I took it as a heartening sign that she liked at least one male painter; that she could make an exception. She was a terrible art-history instructor, but if you were going to look at only one artist in that museum, Eakins wasn’t a bad choice. She pointed out the geometry of rower and oar and scull and wake, and how honest Eakins was about the atmospherics of the lower Delaware valley. But the main thing for her was Eakins’s bodies. “People have been depicting the human body for thousands of years,” she said. “You’d think we would have gotten really good at it by now. But it turns out to be the hardest thing in the world to do right. To see it the way it really is. This guy not only saw it, he got it down in paint. Somehow, with everybody else, even photographers, or actually especially with photographers, some idea gets in the way. But not with Eakins.” She turned to me. “You’re a Thomas also, or just plain Tom?”
“Thomas.”
“Am I allowed to say I’m glad I don’t have your last name?”
“Anabel Aberant.”
She thought about this. “Actually, Anabel Ab err ant might not be so bad. Kind of my entire story in two words.”
“You’re allowed to pronounce it any way you want.”
As if to dispel any coded allusion to future marriage, she said, “You really are bizarrely young-looking. You know that, don’t you?”
“Sadly, yes.”
“I think it was a character thing with Eakins. I think to paint this honestly, you have to have a good character. He may have had sexual issues, but his heart was pure. People are always saying Vincent had a pure heart, but I don’t believe it.
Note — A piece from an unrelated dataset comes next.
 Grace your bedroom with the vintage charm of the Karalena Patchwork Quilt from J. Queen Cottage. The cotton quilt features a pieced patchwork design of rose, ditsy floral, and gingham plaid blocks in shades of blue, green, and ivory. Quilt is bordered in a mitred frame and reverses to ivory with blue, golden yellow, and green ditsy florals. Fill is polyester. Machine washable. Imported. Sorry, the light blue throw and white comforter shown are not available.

His brain was full of spiders.”
I was beginning to feel like the flavorless kid brother of someone Anabel was doing a favor by seeing me. That she’d called Lucy to ask about me, or that she might be trying to impress me, was hard to credit. As we made our way back outside, I remarked that she and Lucy were very different.
“She has a really fine mind,” Anabel said. “She was the only person at Choate whose ambition I could recognize. She was going to make documentaries and change the face of American cinema. And now her ambition is to make babies with Handyman Bob. I’d be surprised if he has a single good chromosome left after all the psychedelics he’s done.”
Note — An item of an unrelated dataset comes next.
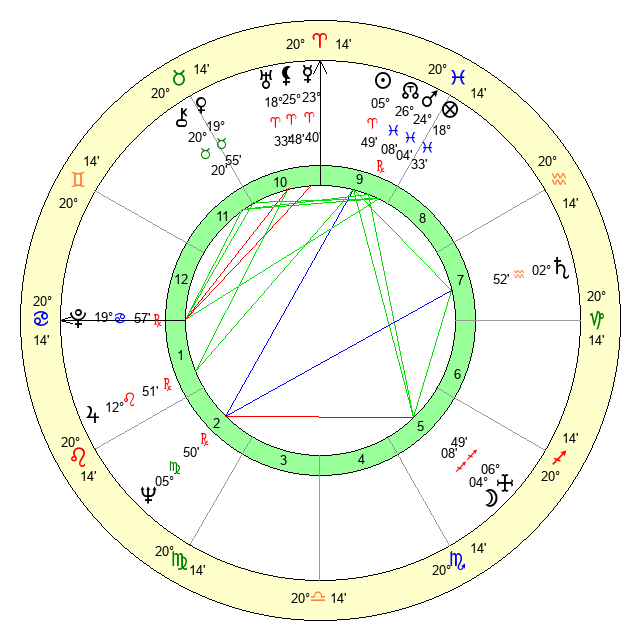 | Sun | 5 Aries 49 | 6 Aries 17 | 5 Cancer 47 |

“I think she and Bob may be having trouble.”
“Well, I hope they hurry up with that.”
Snowflakes, the first of the season, were slanting across the museum steps. In Denver a day like this would have delivered six to twelve inches, but in Philadelphia I’d learned to expect a turn to rain. As we proceeded down the Benjamin Franklin Parkway, the most desolate of Philly’s many soul-oppressing avenues, I asked Anabel why she didn’t have a car.
“You mean, where’s my Porsche?” she said. “That’s what you mean, isn’t it. Nobody ever taught me how to drive. And I might as well tell you, in case you have the wrong idea about me, that I’m in the process of weaning myself from the family teat. My father’s paying for my last semester, but that’ll be the end of it.”